Contributing to a retirement plan is one of the best tax shelters available to you duringg your working years. Recently, the IRS announced that most of retirement savings limits will increase for 2007.
Most working professionals have access to a 401(k) plan or a 403(b) plan at work. Amounts contributed to these plans generally reduce your taxable earnings and always grow tax deferred. This year, you can contribute up to $15,500 into a 401(k) or 403(b) plan through salary deferrals.
Looking to set your 2007 monthly budget? To max out your 401(k) or 403(b) salary deferrals nextt year, instruct your employer to withhold $1,291.67 per month from your pay.
Anyone 50 or older by December 31, 2007 can contribute an extra $5,000 into their 401(k) or 403(b) plan through salary deferrals next year for a total annual contribution of $20,500, or $1,708.33 per month.

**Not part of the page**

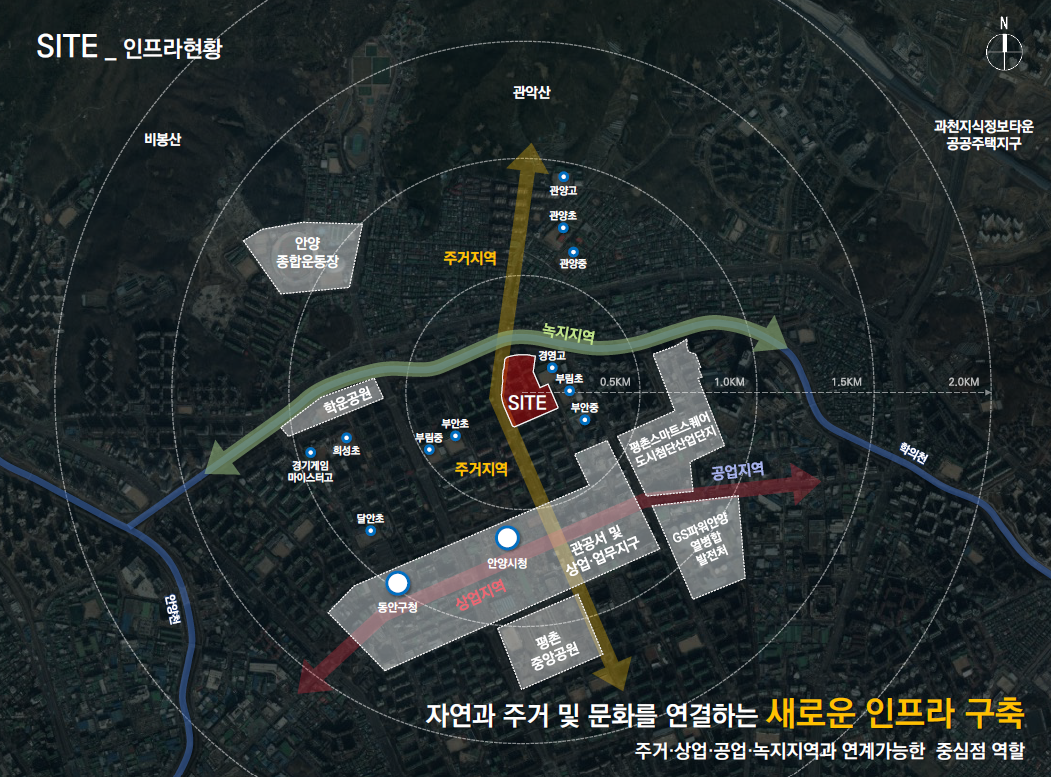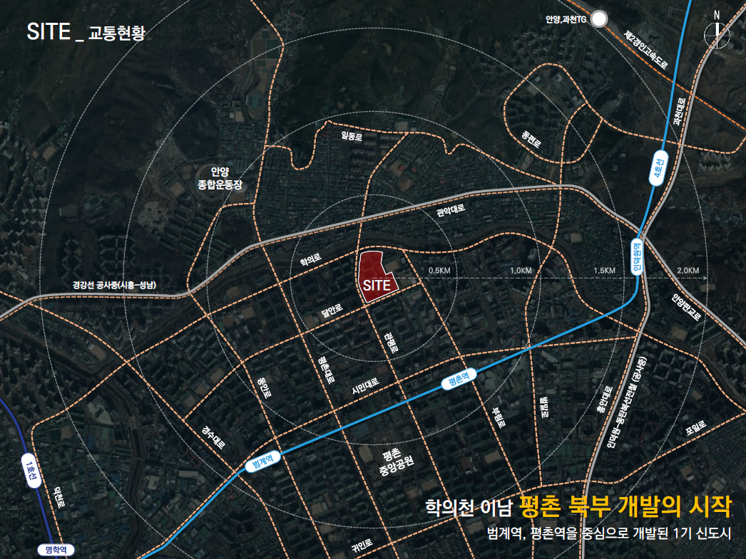 - 해당 Site에서 500m 이내에는 현재 공사 중인 경강선(시흥~성남)이 있습니다. 1km 이내에는 4호선 평촌역이 있으며 2km 이내에는 GTX-C 인덕원역이 예정되어 있습니다.

Many smaller employers offer their staff access to SIMPLE/IRAs instead. SIMPLE's work just like 401(k) plans, which means it's up to you to fund your account through salary deferrals. For 2007, the maximum contribution into your SIMPLE is $10,500, or $875.00 per month. Anyone 50 or older by December 31st can sock away an additional $2,500 in 2007, for a total annual contribution of $13,000, or $1,083.33 per month.
Are you self-employed? Each year, you can contribute up to 20% of your net self-employment income into a SEP IRA. The maximum contribution for 2007 is $45,000, or $3,750 per month.

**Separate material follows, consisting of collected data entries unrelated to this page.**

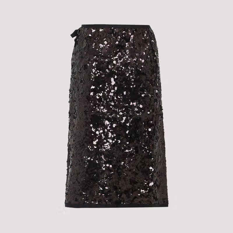 PRADA FW25 Light Luxury Women's Nylon Midi Skirt Nude & Neutrals 20 | 40 IT
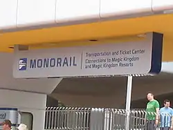 Trois lignes de monorail, entièrement en viaduc, œuvrent sur le Walt Disney World Resort : deux d'entre elles forment une double boucle autour du Seven Seas Lagoon, la troisième mène au parc d'Epcot. La station Transportation and Ticket Center est commune à toutes les lignes. Cette station permet de rejoindre les deux principaux parcs d'attractions de Disneyworld : Magic Kingdom et Epcot Center. Elle est implantée au centre d'un immense parking où les visiteurs doivent laisser leur voiture. Cette station est également en correspondance avec les lignes d'autobus qui assurent la diffusion complémentaire des visiteurs vers les résidences hôtelières ou récréatives, mais aussi vers le 3e parc d'attractions le plus récent : Disney's Hollywood Studios
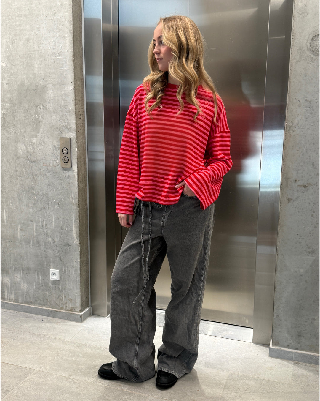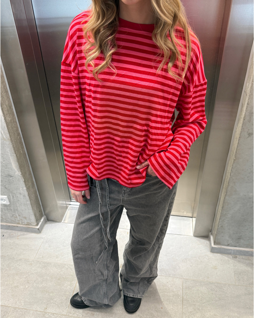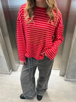 Den fede boxy PENNY stribet long sleeve, rød/pink er den perfekte stribede langærmede trøje til garderoben. Trøjen er i et blødt bomuldsstof, hvilket gør at den sidder så cool.
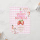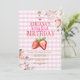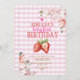 Rosa Blommigt Gingham Berry Första födelsedag Inbjudningar
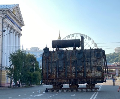 Цей трансформатор, як і десятки інших, постраждав внаслідок чисельних атак ворога на українські теплоелектростанції. Його привезли та встановили в центрі Києва, аби показати українцям, як виглядають енергетичні об’єкти після обстрілів.

Solo 401(k)'s are an attractive alternative to many sole proprietors and business owners with no full time employees (those who work more than 1,000 hours per year) besides a spouse. If you don't have access to a 401(k) or 403(b) plan through another employer, the Solo 401(k) plan makes it easier for you hit next year's max of $45,000. If you're 50 or older, your maximum contribution into a Solo 401(k) jumps to $50,000, or $4,166.67 per month.
And don't forget about IRA's. Even if you're covered under a retirement plan at work, you and your spouse can each contribute up to $4,000, or $333.33 per month, into a traditional IRA or Roth IRA next year, as long as your combined wages and net self-employment income exceeds the total amount contributed. Anyone 50 or older can contribute an extra $1,000, increasing the total allowable contribution to $5,000, or $416.67 per month.
Most people won't be able to max out these tax-advantaged retirement options unless they get on a budget and put away a set amount of money each month. With 2006 winding down, now's the time to start thinking about resetting your monthly retirement savings goals for 2007.